Branle-bas de combat dans les sphères politiques directement concernées par les questions de défense. Du ministre aux commissions parlementaires, nombreux sont ceux qui tirent la sonnette d’alarme sur les conséquences d’une chute du gouvernement pour la trajectoire financière des armées et pour l’effort de transformation qu’elle sous-tend.
Pour les militaires français, l’incertitude budgétaire se complète désormais d’un éventuel blocage politique. Brandi par l’opposition, du gouvernement reviendrait à menacer la bonne tenue d’une loi de programmation militaire tout juste engagée. Ce vote « viendrait briser cet élan essentiel pour la protection de nos concitoyens, en empêchant la hausse proposée de 3,3 milliards d’euros pour le budget de notre défense », a déclaré le ministre des Armées, Sébastien Lecornu. « Ne pas l’adopter aurait des conséquences majeures et désastreuses », a pour sa part insisté le président de la commission des Affaires étrangères, de la défense et des forces armées du Sénat, Cédric Perrin (LR).
C’est avant tout une marche financière – la seconde, seulement – manquée et un coup d’arrêt pour la dynamique de transformation engagée à la suite du conflit russo-ukrainien.

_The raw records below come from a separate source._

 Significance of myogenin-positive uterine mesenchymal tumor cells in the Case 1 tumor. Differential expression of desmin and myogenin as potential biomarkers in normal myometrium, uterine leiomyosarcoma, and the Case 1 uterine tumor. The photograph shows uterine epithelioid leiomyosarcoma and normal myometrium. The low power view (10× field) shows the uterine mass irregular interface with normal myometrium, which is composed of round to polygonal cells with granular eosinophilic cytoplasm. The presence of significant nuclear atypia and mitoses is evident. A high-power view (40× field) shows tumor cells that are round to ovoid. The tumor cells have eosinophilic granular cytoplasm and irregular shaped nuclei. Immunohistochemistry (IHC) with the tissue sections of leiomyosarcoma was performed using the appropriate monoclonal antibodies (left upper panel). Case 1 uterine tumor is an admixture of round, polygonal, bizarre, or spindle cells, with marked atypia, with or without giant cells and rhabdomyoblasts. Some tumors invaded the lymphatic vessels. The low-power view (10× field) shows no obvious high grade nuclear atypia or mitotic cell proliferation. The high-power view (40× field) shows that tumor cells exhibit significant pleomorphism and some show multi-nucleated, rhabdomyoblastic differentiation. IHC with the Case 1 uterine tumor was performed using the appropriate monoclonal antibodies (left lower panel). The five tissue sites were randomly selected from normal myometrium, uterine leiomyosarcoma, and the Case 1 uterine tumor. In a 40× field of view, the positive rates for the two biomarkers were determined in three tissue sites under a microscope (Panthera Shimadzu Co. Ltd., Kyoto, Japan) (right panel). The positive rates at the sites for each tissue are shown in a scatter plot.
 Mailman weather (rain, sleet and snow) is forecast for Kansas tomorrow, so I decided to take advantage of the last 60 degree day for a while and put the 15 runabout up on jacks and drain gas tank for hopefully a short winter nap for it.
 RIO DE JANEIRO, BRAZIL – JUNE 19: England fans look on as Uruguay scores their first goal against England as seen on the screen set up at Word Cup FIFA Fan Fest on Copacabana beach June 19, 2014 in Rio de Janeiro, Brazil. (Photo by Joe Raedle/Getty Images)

Traduit en chiffres, ce sont plus de 31 Md€ de crédits consacrés aux équipements « perdus » pour les nécessaires travaux de réarmement et modernisation des forces. Ce sont des programmes majeurs dont le lancement attendra, des jalons de développement non franchis à temps, des commandes reportées sine die et des livraisons compromises. La dissuasion devrait à elle seule faire une croix sur 5,7 Md€ de crédit, un effort pourtant « fondamental pour garantir cette clé de voute stratégique de notre défense », relevait Cédric Perrin. Ce sont aussi 700 postes supplémentaires dont le recrutement devient incertain, ainsi qu’un gel de la revalorisation salariale des militaires.
« Alors que le monde se réarme et que les menaces s’accumulent, nos armées et nos industriels ont besoin de stabilité, de visibilité, et donc de confiance. C’est l’inverse qui se produirait en cas d’adoption d’une motion de censure contre le budget de la France », a estimé Sébastien Lecornu. Sans l’investissement étatique, ce sont 4000 entreprises et plus de 200 000 emplois dont l’avenir s’assombrit d’autant plus que la concurrence à l’export s’exacerbe. Et un petit séisme pour une filière à qui il est demandé depuis plus de deux ans d’investir sur fonds propres pour produire plus, plus vite et moins cher. Une filière qui doit également, censure ou non, compiler avec l’explosion du report de charges, ce mécanisme permettant de décaler le paiement de certaines factures pour rentrer dans les cordes budgétaires de 2024.
« Pour notre industrie de défense justement, et pour l’ensemble de ses sous-traitants, de la TPE familiale à nos grands champions, cela rendrait impossible de garantir fermement les très nombreuses commandes prévues. Cette censure c’est la mise en danger des emplois liés dans l’ensemble de nos territoires », constatait Sébastien Lecornu. Coïncidence ou non, le cabinet ministériel choisissait dans la foulée de détailler l’impact socio-économique du PLF 2025 pour les territoires. Un exercice inédit, et une éventuelle piqûre de rappel pour les parlementaires de l’opposition dont le département est directement concerné. Dans le Var, par exemple, ce sont 48 effectifs supplémentaires et plus de 273 M€ d’investissement dans les infrastructures qui sont menacés. Idem dans les Bouches-du-Rhône, où 11 emplois et 151 M€ sont prévus pour l’an prochain.
« Voter la censure aurait des répercussions concrètes et ne doit pas être pris à la légère. Nos soldats nous regardent, nos concitoyens nous regardent, agissons en responsabilité », insistait le député Jean-Michel Jacques (Ensemble), président de la commission de la Défense nationale et des forces armées de l’Assemblée nationale. L’impression de continuité difficilement obtenue au sortir de l’été risque pourtant de s’effacer au nom de l’irresponsabilité d’une partie de la classe politique.